Blue-green deployment: always keep the previous working image available. If error rate spikes after a deploy, rollback is a one-command operation to the previous container image — not a code revert and rebuild cycle.
Monitoring — What to Instrument
Instrument from day one. Retrofitting observability into a running production system is painful; adding it at the start costs nothing.
The core metrics:
Latency (P50, P95, P99): break it down by component — LLM inference time, tool call time, vector retrieval time. P99 latency is what your worst-case users experience. A high P99 with a low P50 usually points to a specific tool call or retrieval pattern that occasionally goes slow.
Cost per run: this is the metric most teams forget to track until they get a surprise bill. Track total tokens consumed per agent run, multiply by model pricing. Set alerts. An agent that suddenly starts using 10x more tokens is either looping, hitting a failure mode, or being abused.
Error rate: tool call failures, invalid output formats, timeouts. Break down by error type — a 5% error rate concentrated in one specific tool call tells you exactly where to look.
Tool call success rate: what percentage of tool invocations produce valid results? Track this separately from the overall error rate — a tool call that returns a result but with wrong parameters is a different failure mode than one that times out.
Agent loop depth: for agentic workflows, track how many steps each run takes. Sudden increases in average step count mean the agent is looping, getting confused, or hitting edge cases that require more back-and-forth.
Datadog LLM Observability (2025) auto-instruments Anthropic, OpenAI, LangChain, and Bedrock with no code changes. It produces an interactive agent decision graph — you can visualize the full trace of inputs → tool calls → LLM reasoning → outputs for any run. Critical for debugging non-obvious failures in multi-step agent workflows.

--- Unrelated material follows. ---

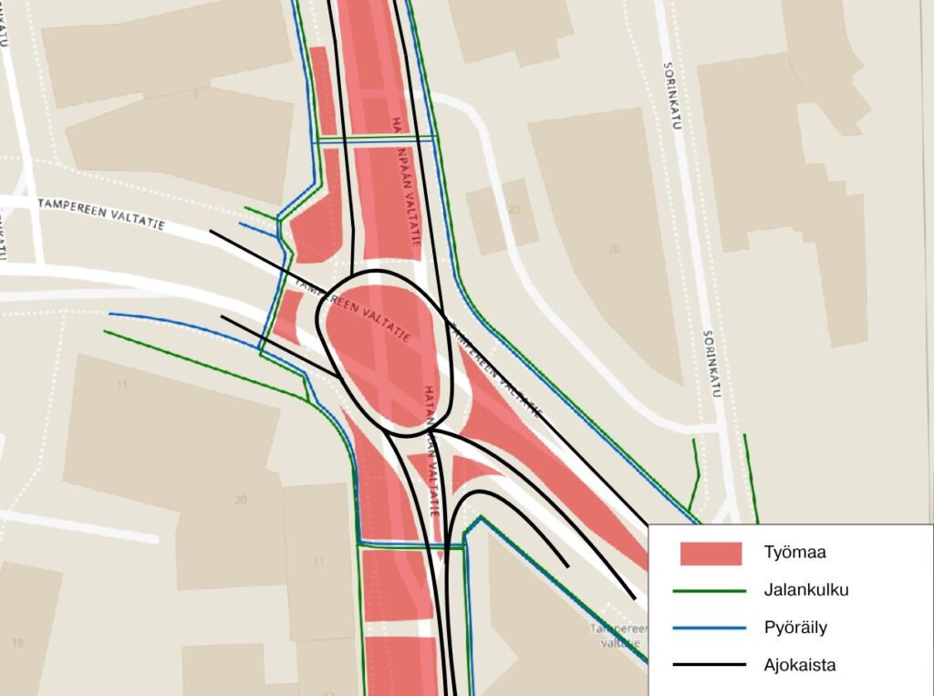 - Hatanpään valtatien ja Hatanpäänkadun risteysalueella työalue on Hatanpäänkadun eteläpuolella. Ajokaistat sekä jalankulku- ja pyöräväylä kulkevat kadun pohjoispuolta. Liittymä Hatanpäänkadulta jätevedenpuhdistamolle pysyy käytössä. Työt eivät vaikuta bussipysäkkeihin Sarvis ja Hatanpään vt 25.

LangSmith works with any LLM framework (not just LangChain). Custom dashboards for cost, latency, error rates, and feedback scores. OpenTelemetry compatible — forward traces to Datadog, Grafana, or New Relic if you have an existing observability stack.
Alerting Without Alert Fatigue
Alert on trends, not single spikes. A single anomalous LLM call is noise. The same pattern sustained for 5 minutes is a signal.
Alert on:
- Cost per interaction >5x baseline (sustained 5 min) — agent is probably looping
- Error rate >5% (sustained 5 min) — something broke in a tool or model response
- P95 latency >2x baseline (sustained 5 min) — infrastructure or model issue
- Loop depth >N steps — agent is stuck; N depends on your max expected task complexity
- Unusual API key patterns or malformed tool calls — potential security incident
Suppress:
- Single-spike errors (retry logic handles these)
- Expected maintenance windows
- Correlated alerts from the same root cause (aggregate them into one alert)
The goal: when a page or notification fires, it should require immediate human attention. If engineers start ignoring alerts because they're noisy, you've lost your safety net.
Key Gotchas
Cold start latency bites hard for interactive agents on serverless platforms. A 300ms cold start on Cloud Run or Lambda is imperceptible in a batch job; it's a terrible user experience in a real-time chat interface. Use Railway or Fly.io for latency-sensitive workloads.
Stateful agents on stateless infrastructure fail in subtle ways. If your agent stores conversation state in memory (a Python dict), it works great with one instance and breaks immediately with two. Store all state externally in Redis or a database from day one — it costs almost nothing and makes horizontal scaling trivial.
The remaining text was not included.